Can any function $f :\mathbb{F}^m \rightarrow \mathbb{F}^n$ over some field $\mathbb{F}$ be written as
$f(x_1,...,x_m) = \begin{align} \begin{bmatrix} f_{1}(x_1,...,x_m) \\ f_{2}(x_1,...,x_m) \\ \vdots \\ f_{n}(x_1,...,x_m) \end{bmatrix} \end{align}$
where $f_i :\mathbb{F}^m \rightarrow \mathbb{F}$ $\forall i$?
An accompanying proof would be much appreciated also.
Yes, consider $p_i$ defined on $\mathbb R^n$ by $p_i(x_1,\dots,x_n)=x_i$.Then you can define $f_i=p_i\circ f$ and the formula
$$ f(x_1,...,x_m) = \begin{align} \begin{bmatrix} f_{1}(x_1,...,x_m) \\ f_{2}(x_1,...,x_m) \\ \vdots \\ f_{n}(x_1,...,x_m) \end{bmatrix} \end{align} $$
follows immediately.

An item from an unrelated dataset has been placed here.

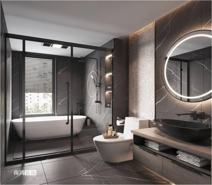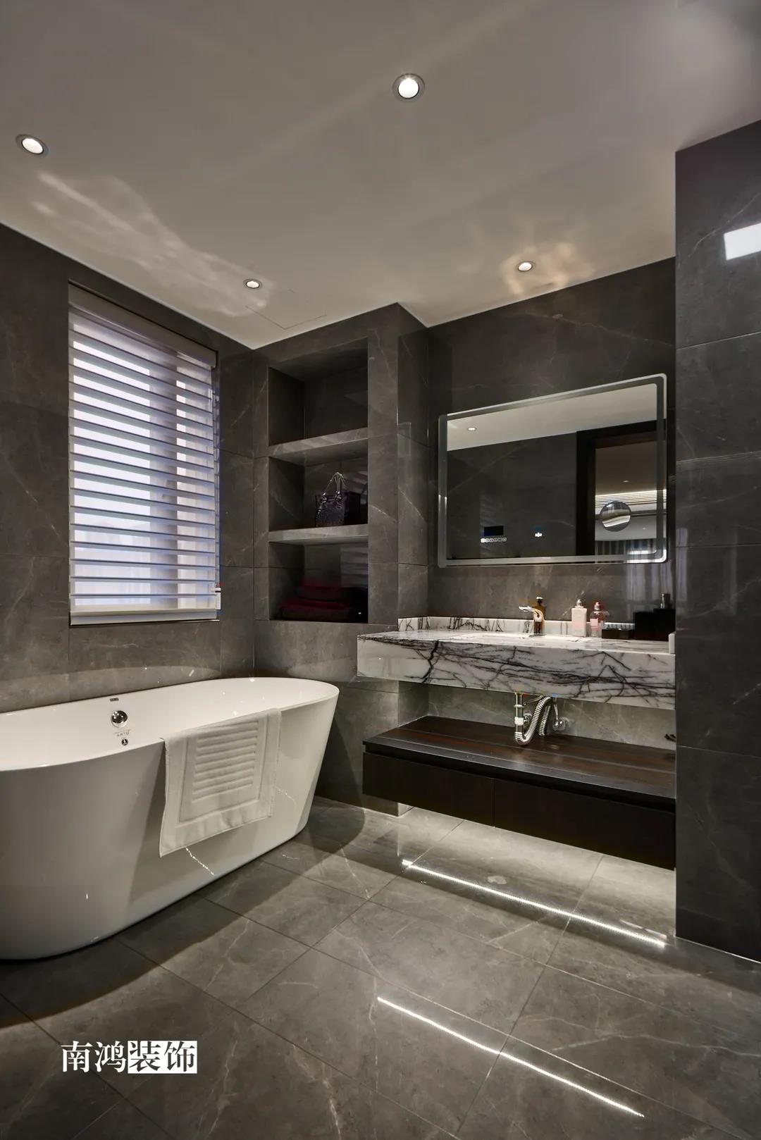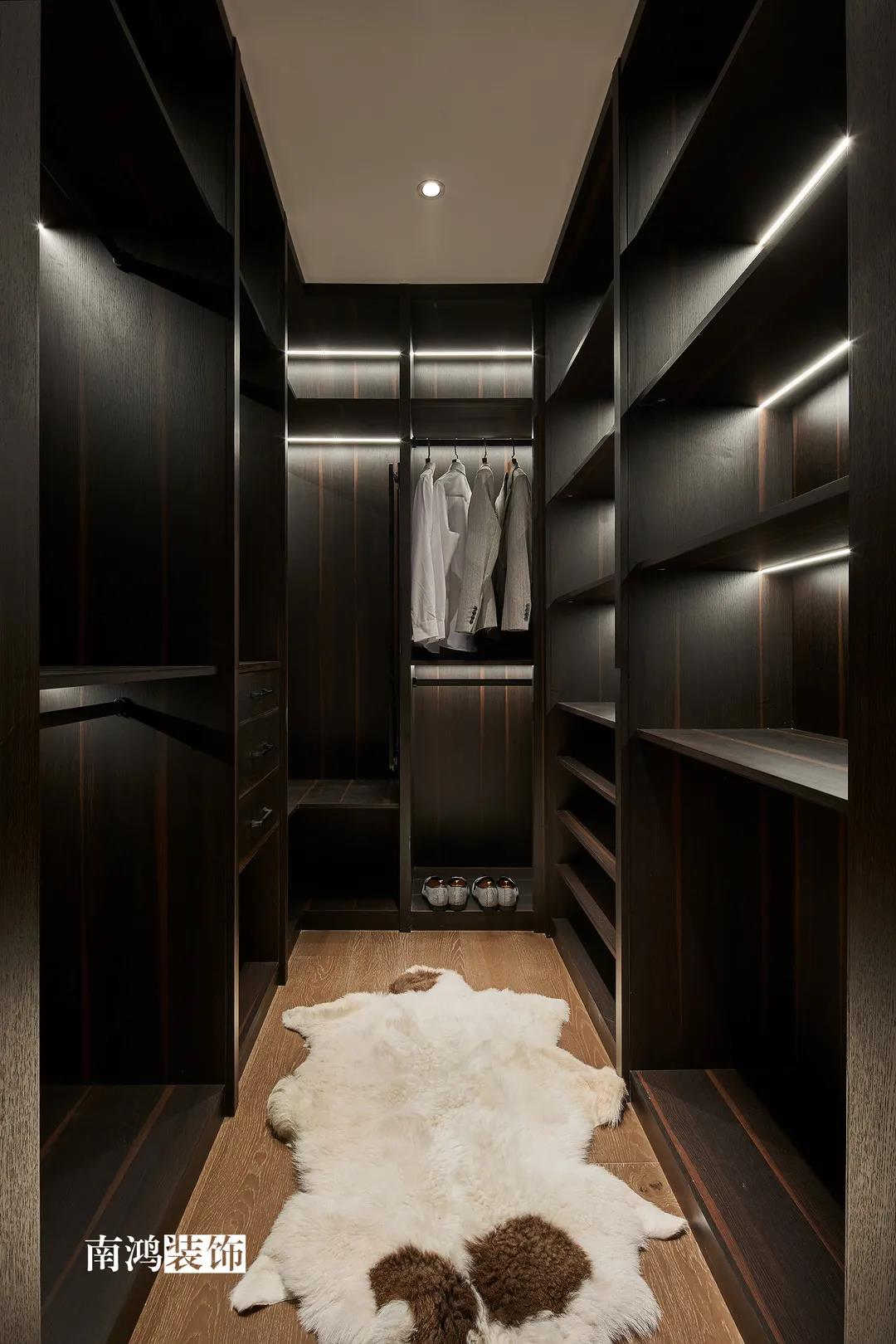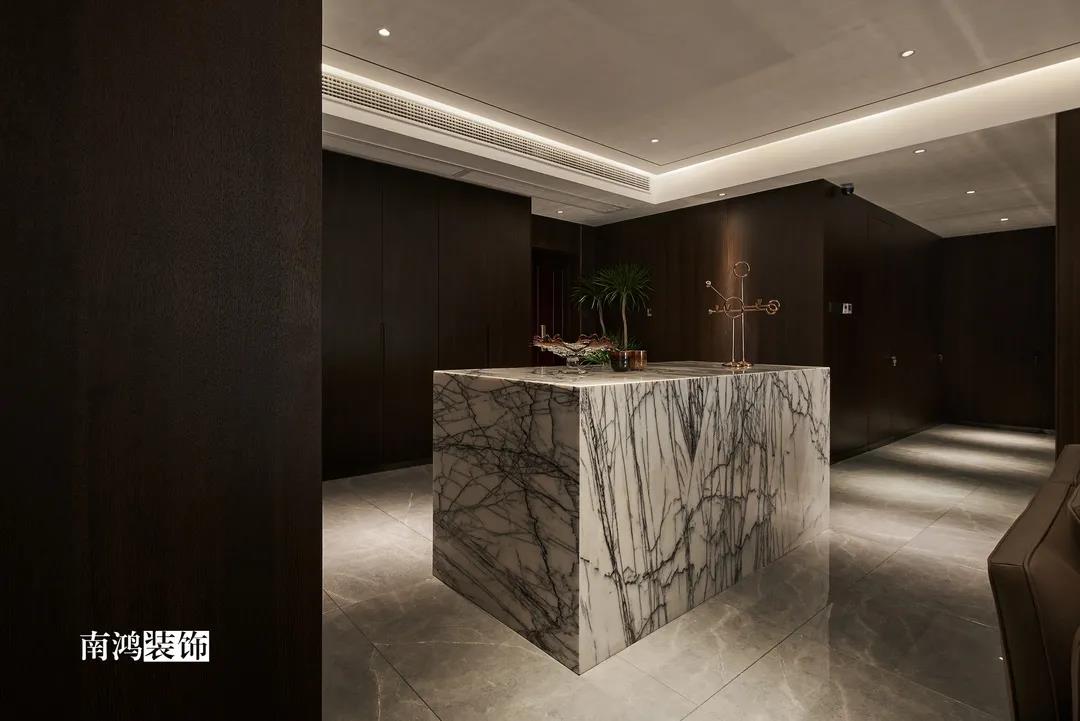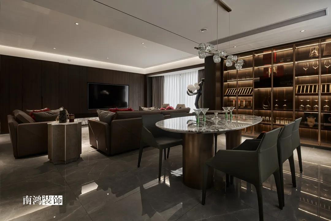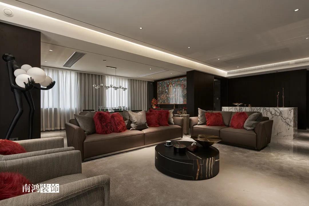 色彩上主要依照男主人的喜好,選擇了深色的石材與木飾面,點綴上深紅色的軟裝元素,整體搭配不會太過沉悶,再結合柔和的燈光用以打造空間氛圍感,完美詮釋“紅與黑”主題!
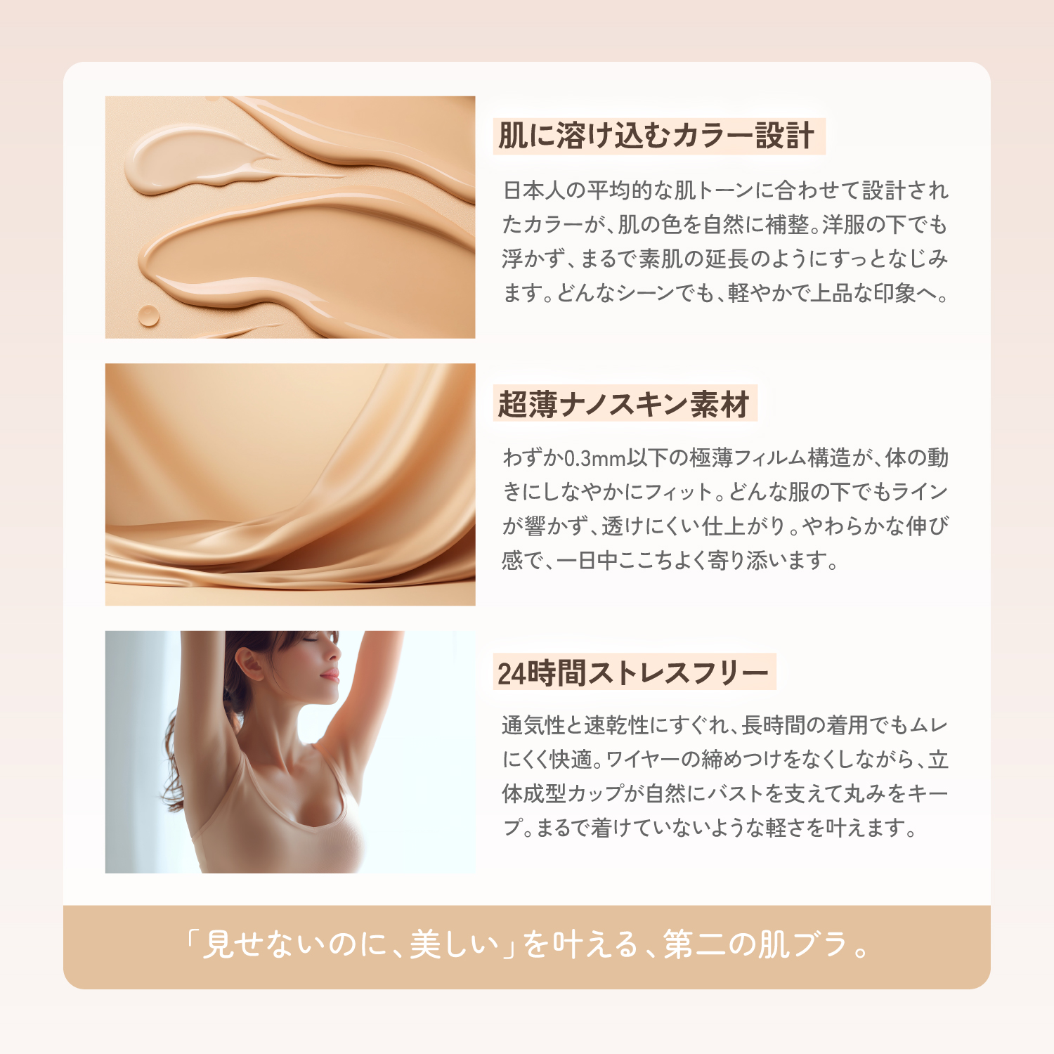 - 肌と一体化するようなセカンドスキン設計で、日常をもっと快適に美しく。」

The functions $p_i$, $i=1,2,\dots,n$, are called canonical projection (see this Wikipedia article).
Alternatively, for every $(x_1,\dots,x_m)$ in $\mathbb R^m$, $f(x_1,\dots,x_m)$ is an element of $\mathbb R^n$, so it can be written as $f(x_1,\dots,x_n)=\begin{align} \begin{bmatrix} f_{1} \\ f_{2} \\ \vdots \\ f_{n} \end{bmatrix} \end{align}$
but the numbers $f_1,\dots,f_n$ depends on $x_1,\dots,x_m$ so we could write $f(x_1,\dots,x_n)=\begin{align} \begin{bmatrix} f_{1} \\ f_{2} \\ \vdots \\ f_{n} \end{bmatrix} \end{align}$. No proof needed since that's the definition of $\mathbb R^n$. What should be said is that, when $(x_1,\dots,x_m)$ is fixed, the real numbers $f_1,\dots,f_n$ are uniquely determined. Therefore, to every $(x_1,\dots,x_m)$ in the domain of $f$, we associate a unique element (denoted $f_i(x_1,\dots,x_m)$) of $\mathbb R$. This means that $f_i$ is a function.